Taiwan Release: Already available

Long plugged as the most realistic console/PC golf game on the market, the Tiger Woods PGA Tour series has successfully managed to outlast the competition thanks to the keen eye for detail exhibited by EA's superb design team. Courses look so real that you can almost smell the freshly mowed fairways and immaculately kept greens.

While the Tiger Woods standalone games are absorbing, most gamers will no doubt be spending most of their time in the career mode, or "rivals mode" as it is now referred to. Here gamers get to create a golfer with the aid of the top-notch "create-a-player" tool. The system is so good that gamers can either create a pretty good likeness of themselves or a totally outlandish character.

The "PGA tour mode" enables gamers to join the PGA Tour and take on a whole string of today's players and tee off on a dozen well-known courses. In the "career mode" gamers embark on a quest through time from the sports' early days to the present day. Players can use gear from the early 1900s and can even dress in frilly shirts and garish check socks. And like pervious games in the Tiger series, gamers get to try their luck against the likes of Arnold Palmer and Jack Nicklaus.

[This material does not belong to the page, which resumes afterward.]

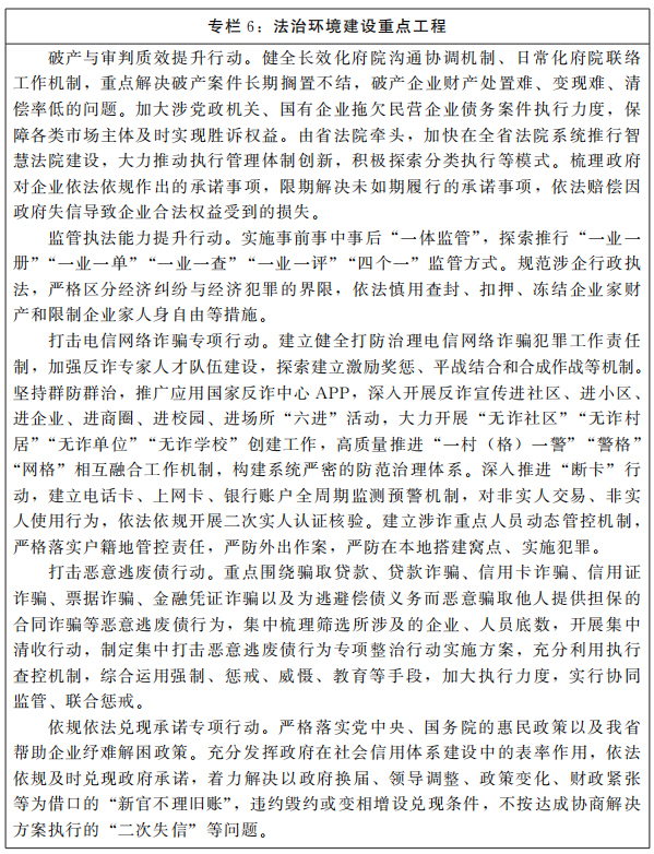 嚴格執(zhí)行保護企業(yè)產權的司法政策,合理劃定責任財產范圍,重點解決國有資產流失、利用公權力侵害私有產權等產權保護中的突出問題。嚴格區(qū)分經濟糾紛與經濟犯罪,依法慎用刑事強制措施,嚴格規(guī)范涉案企業(yè)財產的保全和處置措施。依法平等保護各類市場主體,對企業(yè)負責人少捕慎訴慎押。健全涉企產權冤錯案件有效防范和常態(tài)化糾錯機制,加大企業(yè)產權冤錯案件賠償決定執(zhí)行力度。強化善意文明執(zhí)行理念,嚴禁超標的查封、亂查封,建立健全查封財產融資償債和自行處置機制。加強數字貨幣、網絡虛擬財產、數據等新型權益保護。依法保護股東特別是中小股東的知情權、參與權、收益權、求償權等合法權利。暢通投資者維權渠道,推動加強在線咨詢等工作,加快投資者維權從“線下跑”向“網上辦”轉變。強化上市公司監(jiān)管,提高上市公司透明度。全面開展打擊電信網絡詐騙專項行動,聚焦“抓防范、強治理、降發(fā)案”,升級完善省、市、縣三級反詐中心,注重縣域高發(fā)類案件和大要案件集中攻堅的資源技術支撐,著力構建誠信社會環(huán)境。全面開展打擊惡意逃廢債專項行動,重點打擊騙取貸款、金融憑證詐騙、拒不履行法院判決裁定等違法犯罪行為,努力營造良好金融生態(tài)。全面開展依規(guī)依法兌現承諾專項行動,嚴格落實惠民政策和幫助企業(yè)紓難解困政策,建立健全“政府承諾+社會監(jiān)督+失信問責”機制,重點整治“新官不理舊賬”等政務失信問題。

Sure, it's amusing for a short period of time, but as any golfer knows its not what you look like that counts, but how well you play. And this is where the game comes a wee bit unstuck.

Tiger 2006 still suffers from several annoying flaws that first came to light with last year's Tiger 2005. The most telling of these is the relative ease in which gamers can master everything from tee shots to long putts. Hitting a straight drive is slightly more complicated thanks to the "shape stick" -- which enables players to manipulate ball flight and spin -- but it is too easy to master.